Yeah, every six months to a year it expires. So you need to replace it, but
there's no warning. Until it breaks your pipeline. Yeah. So that is the main
problem with Prokker, is that step in the pipeline. I kind of regret using it.
It guaranteed nice compliant GenBank files, but it was a bit of a mistake
looking back and I won't be using it in any future tools. Yeah. So for new
people who are writing a tool, what sort of advice would you give to someone who
wants to write a new tool or who are wondering if they should try and write a
new tool? Well, my first advice would be to don't write a new tool. It's a big
commitment.

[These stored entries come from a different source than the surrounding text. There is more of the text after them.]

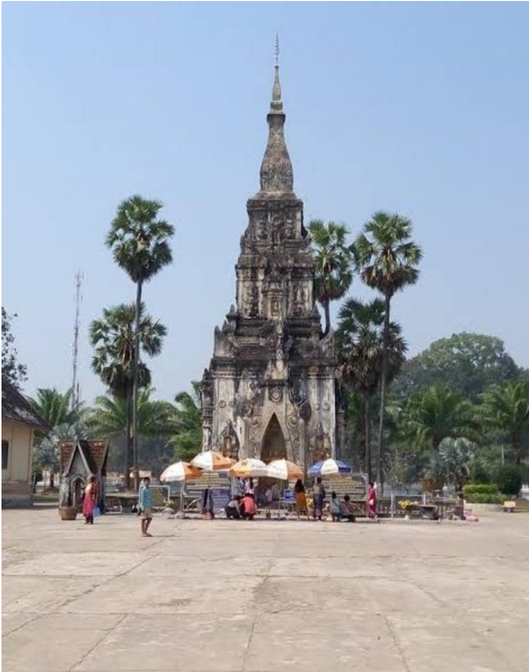
ภาพที่ 6 พระธาตุอิงฮัง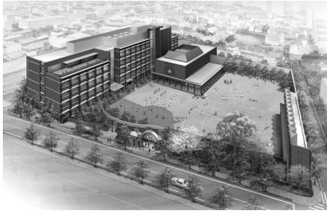
校舎全景図 合格者数はこの10年で飛躍的に上昇しています。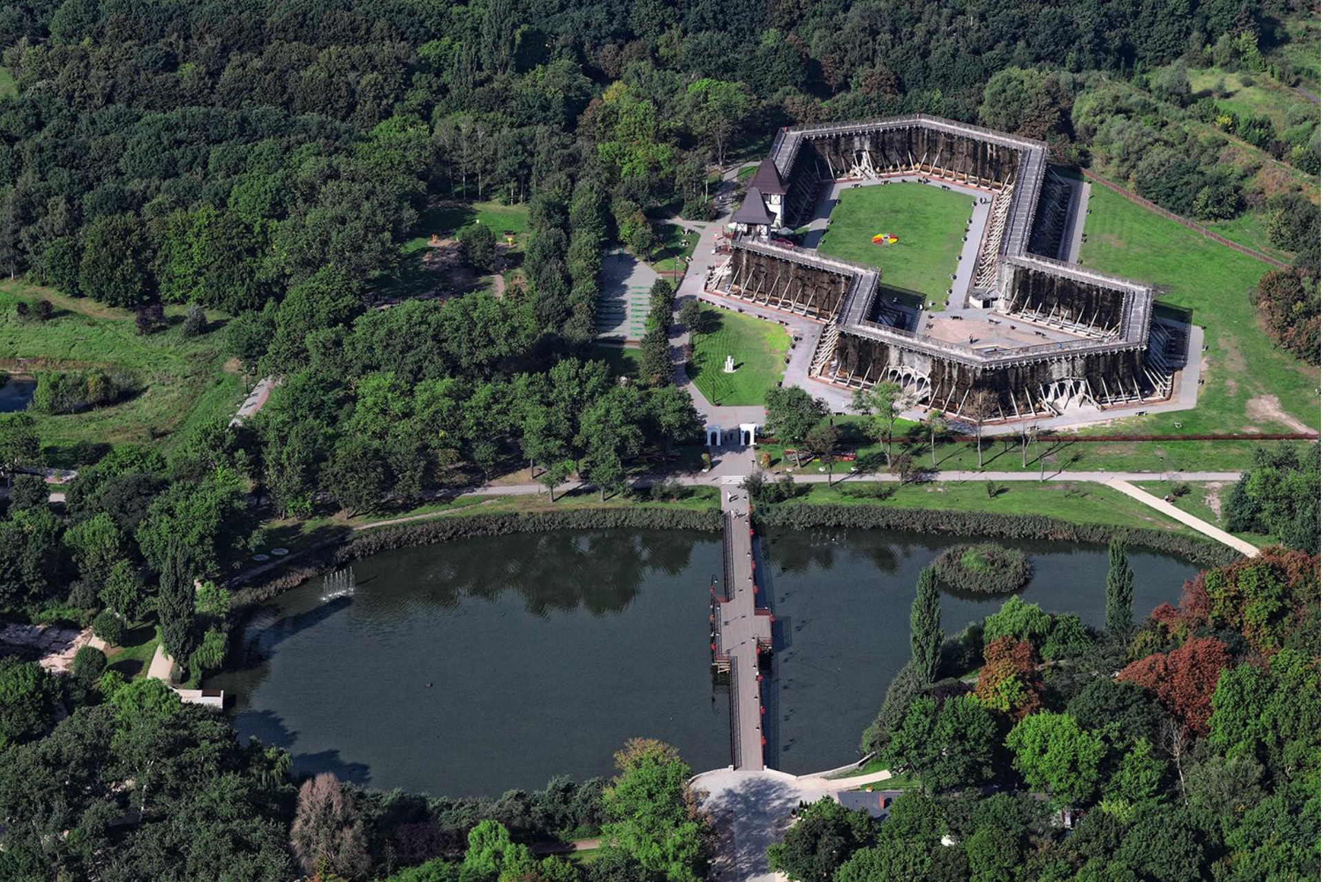
Teznie z lotu ptaka w Inowrocławiu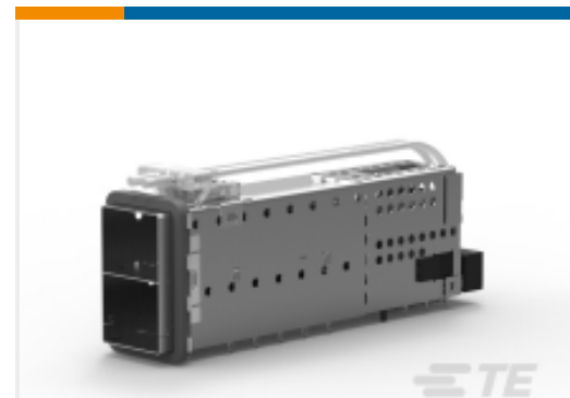
TE 产品编号 2-2296273-2 MICROQSFP 2X1 CAGE ASSY EMI GASKET, 2LP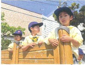
バス来るかな?またかな? あと少しで到着しそうです!

If you want to do it properly, it's going to take time. And the key
thing is you have to maintain it. If you're going to just write a tool, publish
it and then abandon it.  Please do not start that project. You're not really
helping anybody if you're not going to use the tool don't write it because
you'll never truly make it useful and Reliable unless you are forced to use it
and suffer through its problems only through that suffering Will you improve the
software because ultimately we don't have it's not that we don't care about
other people's experiences But ultimately, you know time is limited But if it's
failing all the time and you're being you know It's causing you problems or your
colleagues are annoyed at you then you will fix it But if no one else is going
to use it, then yeah, don't bother. What's the what is the What's the oldest
tool at the moment that you wrote that you're still currently maintaining now?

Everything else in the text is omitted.